The agency explained that it wants to ensure “that new devices are evaluated against advances in technology that can improve patient safety and performance” by removing older predicate devices and require that certain new devices “account for advances in technology or demonstrate that they meet more modern safety and performance criteria.”

Manufacturers use comparison testing of the newer device against the predicate to show that it is as safe and effective as the predicate. However, older predicate devices may not reflect advances in technology used in new devices, especially when internet-connected features are included in a new device. The agency is looking for ways to compare devices entering the market through 510(k) to newer devices and criteria.

Final agency guidance released on Feb. 1, 2019, addresses a new clearance pathway called the Safety and Performance Based Pathway. The pathway will be available under the Abbreviated 510(k) process, which can be used for a device when a guidance document exists, a special control has been established, or the FDA has recognized a relevant consensus standard. Traditional (any device) and Special (modifications to approved devices) processes also exist but will not include the new pathway.
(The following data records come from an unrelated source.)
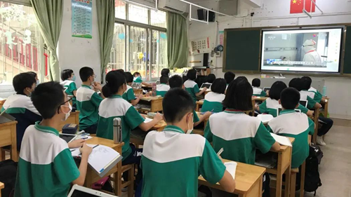 課堂上,正播放著一段視頻,學生們聚精會神地觀看,時而凝思,時而頻頻點頭,時而從角落傳來輕輕地啜泣聲。
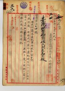 三六 台北地方法院検察官長小野得一郎ヨリ匪徒刑罰令違反被告人トシテ大正三年一月一五日苗栗支庁ヨリ送致サレタル謝定香・林阿斗・浜安薯・陳本・黄琳堂・謝阿業・謝水生・謝阿水・陳港・葉阿志・謝桂香・謝建昌・何阿龍・徐阿発・張阿隆・羅阿宏・羅阿煥・江阿月・江湊丁ノ取調ニ着手シタル旨報告ノ件(民法第三四号)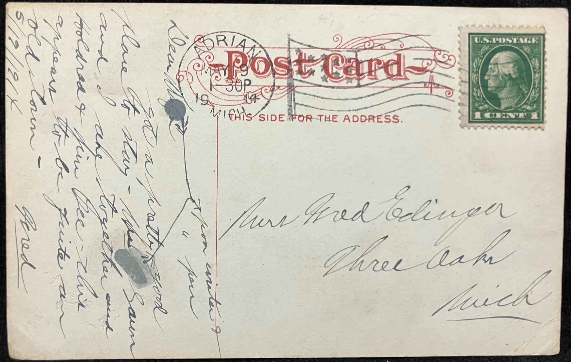 Mailed: Postmark: 1914 green one-cent George Washington stamp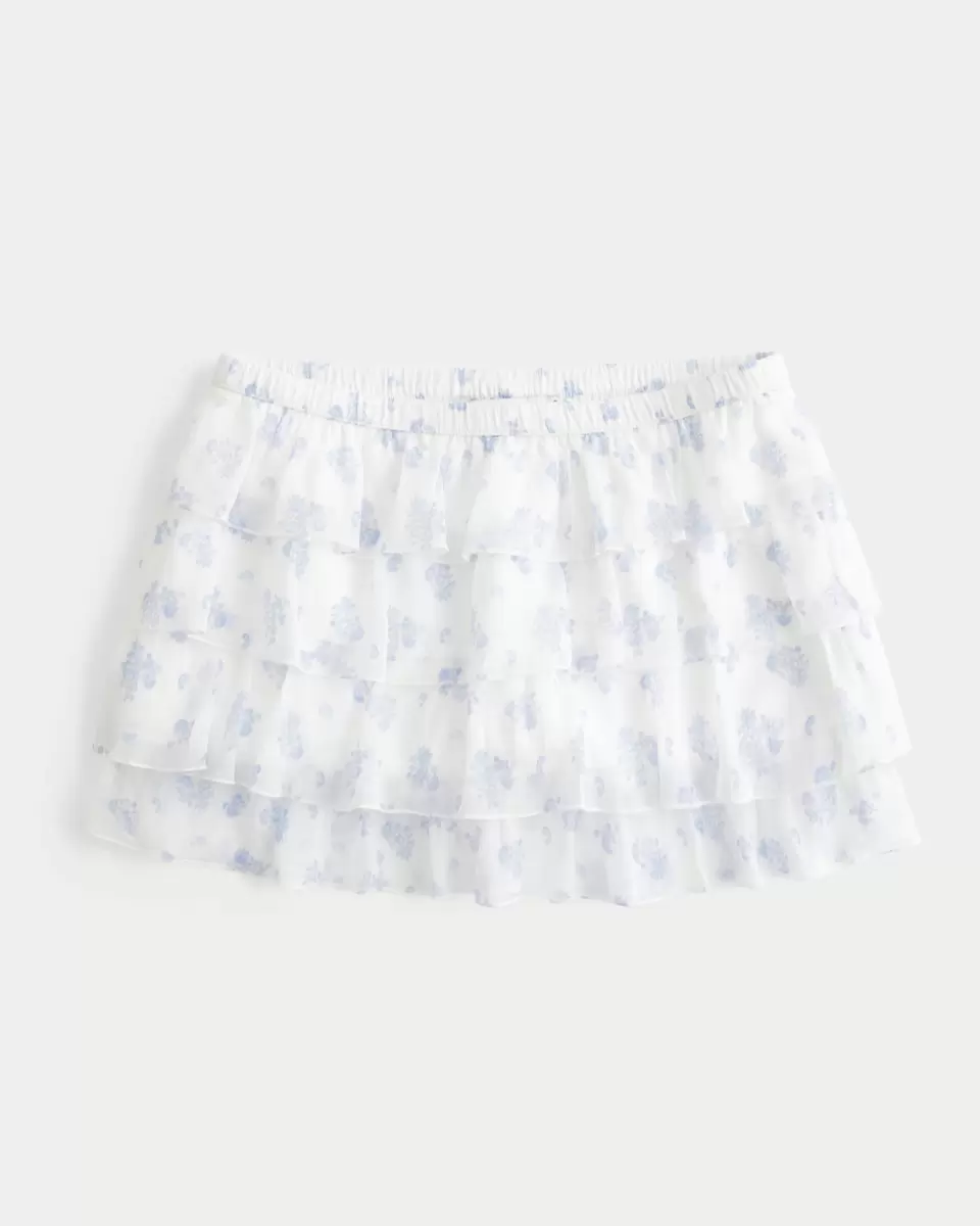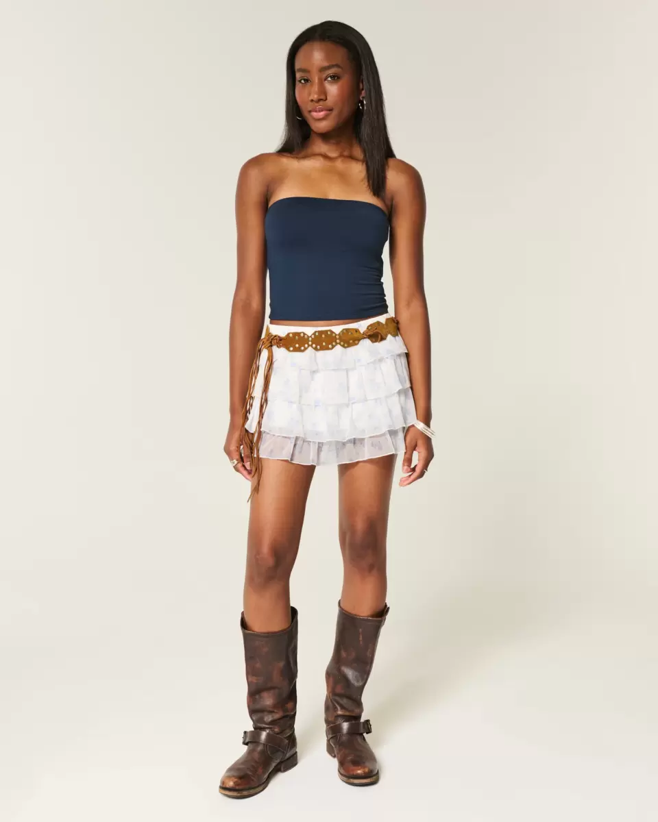 Une jolie mini-jupe ultra douce, avec une taille basse et des volants superposés. Short en tricot intégré, poches. Importé.
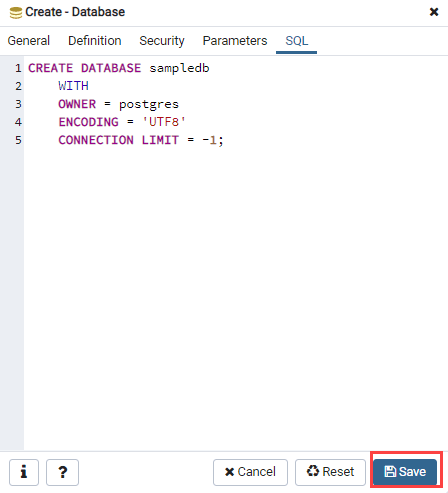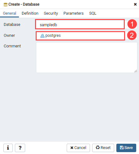 In the Definition tab, you can select the encoding, a template, tablespace, collation, character type, and connection limit.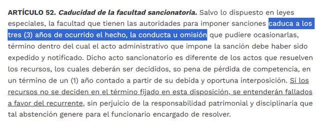 De acuerdo con el artículo 52 de la Ley 1437 de 2011, la facultad sancionatoria de organismos como el CNE “caduca a los tres años de ocurrido el hecho, la conducta u omisión que pudiere ocasionarlas”, que es el plazo “dentro del cual el acto que impune la sanción debe haber sido expedido o notificado”.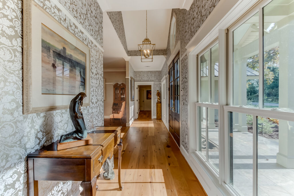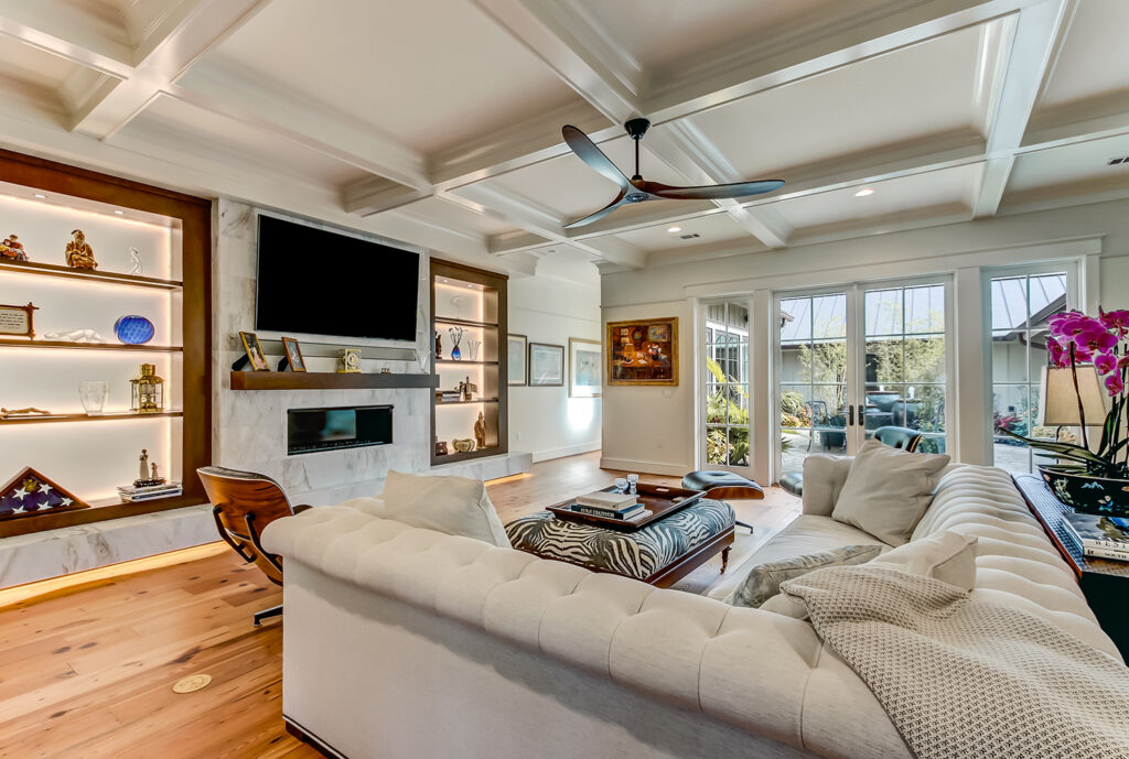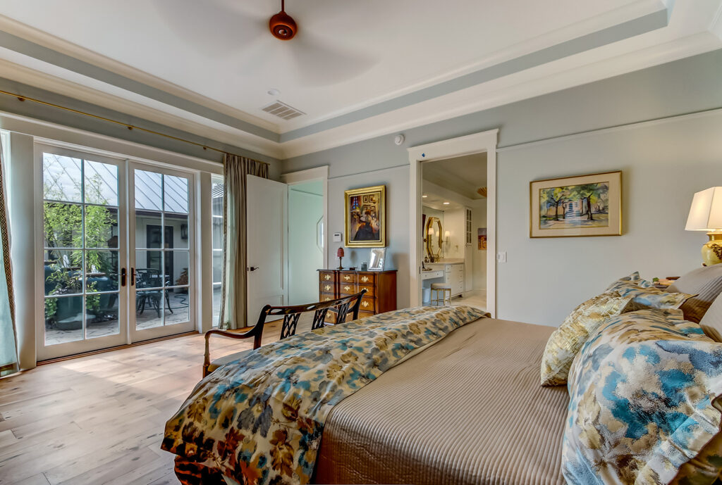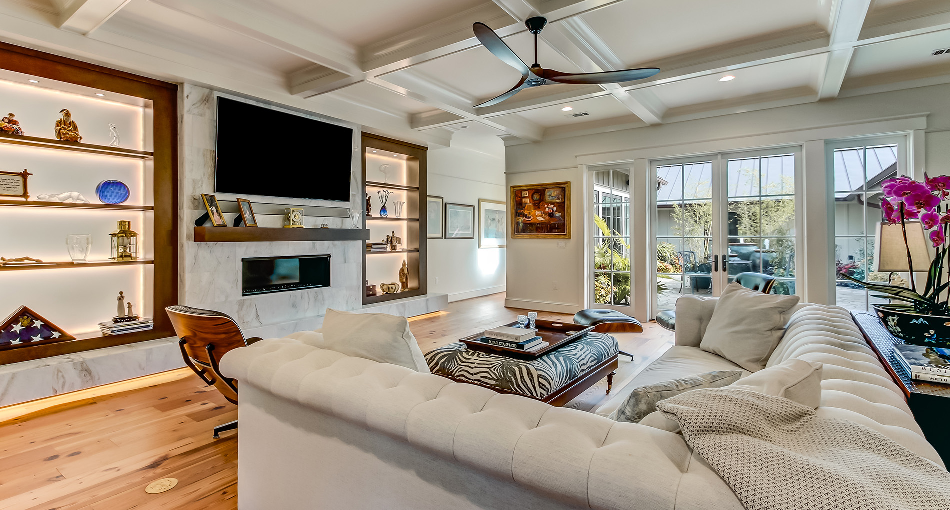 This floor plan includes a central courtyard with doors that open to outdoor spaces from interior living spaces. Features Coffered ceilings, a marble fireplace, and amazing walk-in shower in the master bath.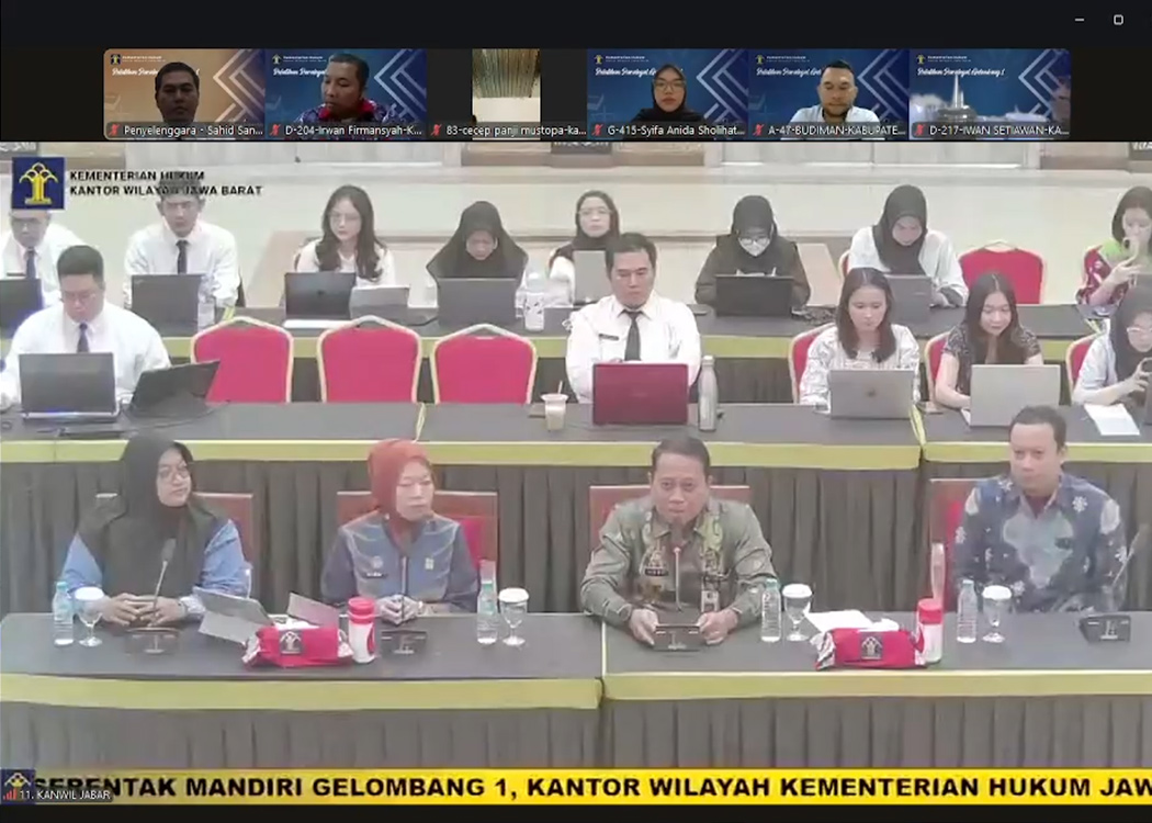 BANDUNG – Kantor Wilayah Kementerian Hukum Jawa Barat (Kanwil Kemenkum Jabar) pada pagi ini menyelenggarakan kegiatan Pelatihan Paralegal Serentak Mandiri Gelombang 1 yang diadakan secara daring melalui Zoom Meeting (Kamis, 09/10/2025).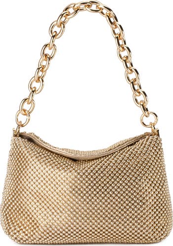 Lustrous chain mesh amplifies the glamorous allure of a slouchy shoulder bag fitted with optional chain straps for hands-free carry on your next evening out.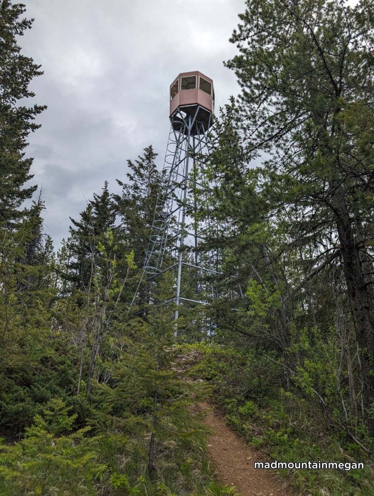 From the parking lot cross Highway 1. Be extremely careful, this Highway is busy and people go fast. The trail starts out mellow through the trees until you cross train tracks. Also be careful crossing the tracks and if a train is passing stand in the forest, trains will throw rocks. The incline starts, steady and steep up hill. The path is very nice as its an official trail. There are not many views going up and is mainly in the trees. You will reach a fork in the road with a sign. Turn left for the fire lookout. Turning right will take you to the upper lookout, which we did not do. The trail somewhat flattens out as you reach the lookout. You are unable to climb the lookout tower as they cut the ladder but you can still go in the lookout cabin. The lookout cabin has seats, but does have a lot of mouse poop inside. The view from the top is of the valley Wapta Falls sits in and you can see the Highway 1 valley.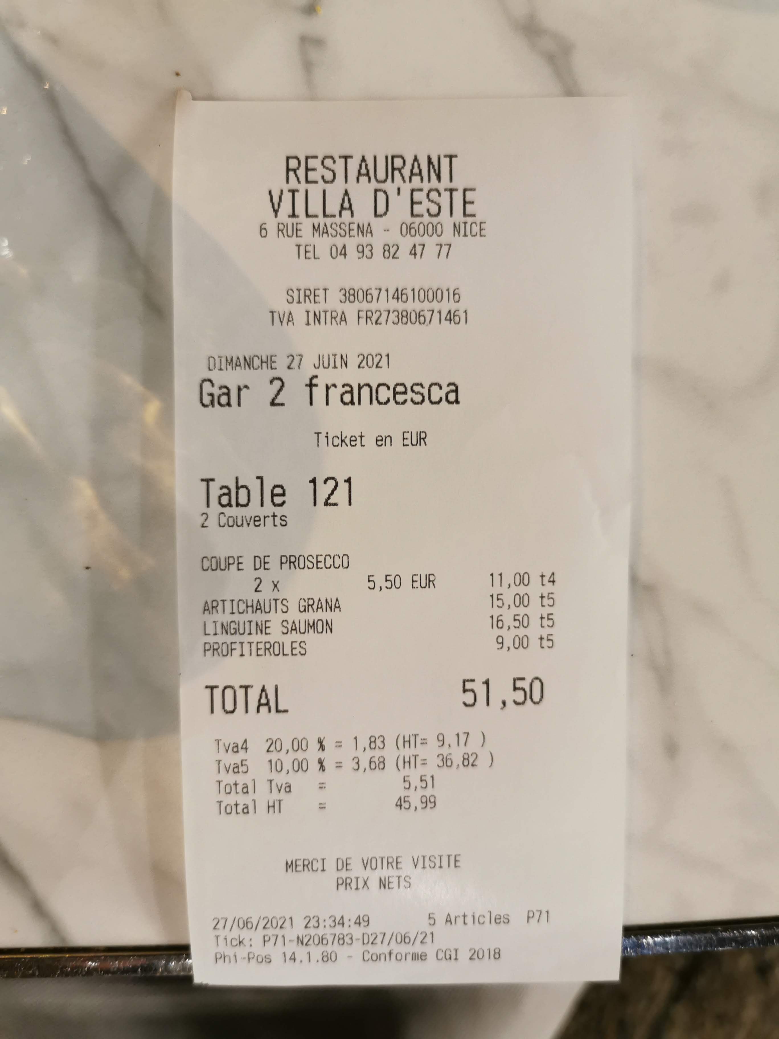 Nous nous sommes rendus à trois reprises à la Villa d’Este et ça a été trois fois un sans faute ! Plats très généreux, bons et à des prix compétitifs : des qualités qui sont rares à Nice et sur la piétonne ! Une bonne ambiance, des serveurs efficaces et forts sympathiques. Une bonne adresse 🧡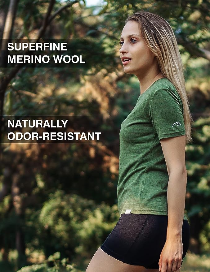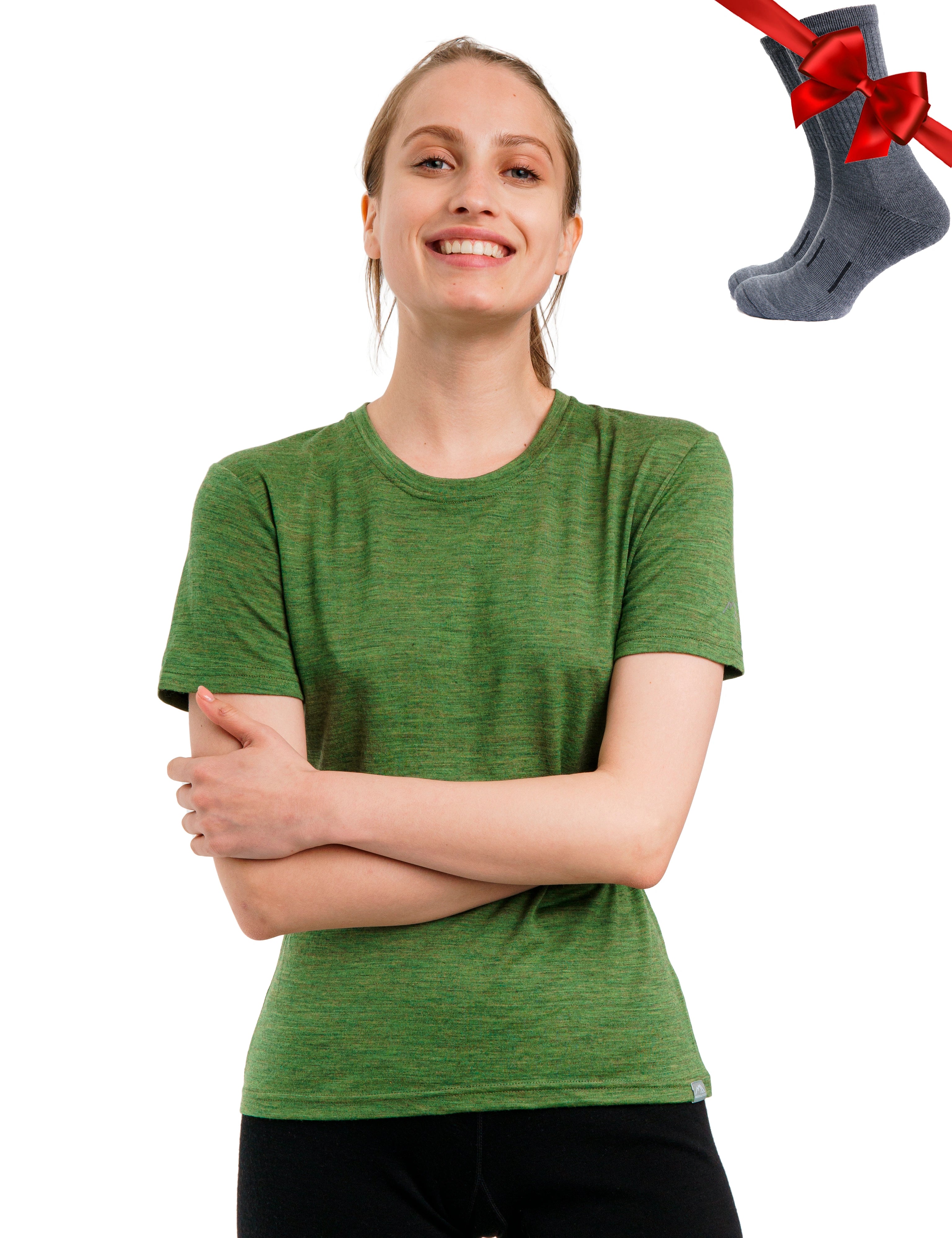 Women's Merino T-shirt 165 Forest Green | Crewneck (+socks)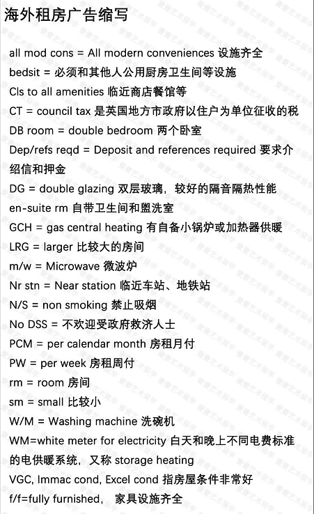 小编这里为大家介绍一下租房广告中的常见缩写,希望能给找房子的小伙伴带来帮助:

Under the current process, manufacturers demonstrate safety and effectiveness through direct comparison testing with the predicate device. The guidance seeks to expand this to allow testing that shows that the new device meets the performance level of the existing device or established performance criteria. These criteria could be defined in FDA guidance or other consensus-based standards, or the agency will develop specific performance criteria based on one or more existing devices of the same type.

The guidance explains that the use of performance criteria would be appropriate only if the new device does not raise different safety and effectiveness issues from the predicate device, the criteria are in line with one or more legally marketed devices of the same type, and the new device meets all performance criteria.

The agency will provide more information on which types of devices would be appropriate to submit through this pathway, along with the performance criteria for each device type through guidance documents. It will still require manufacturers to identify an existing predicate device for the substantial equivalence analysis, and the current method of direct comparison will remain available.

When following an FDA-recognized standard, manufacturers will need to submit a declaration of conformity. When following performance criteria established by the agency, manufacturers must submit a summary of the testing data as well. If performance criteria do not rely on existing FDA standards, that data also must include the testing methodology and protocol that was used.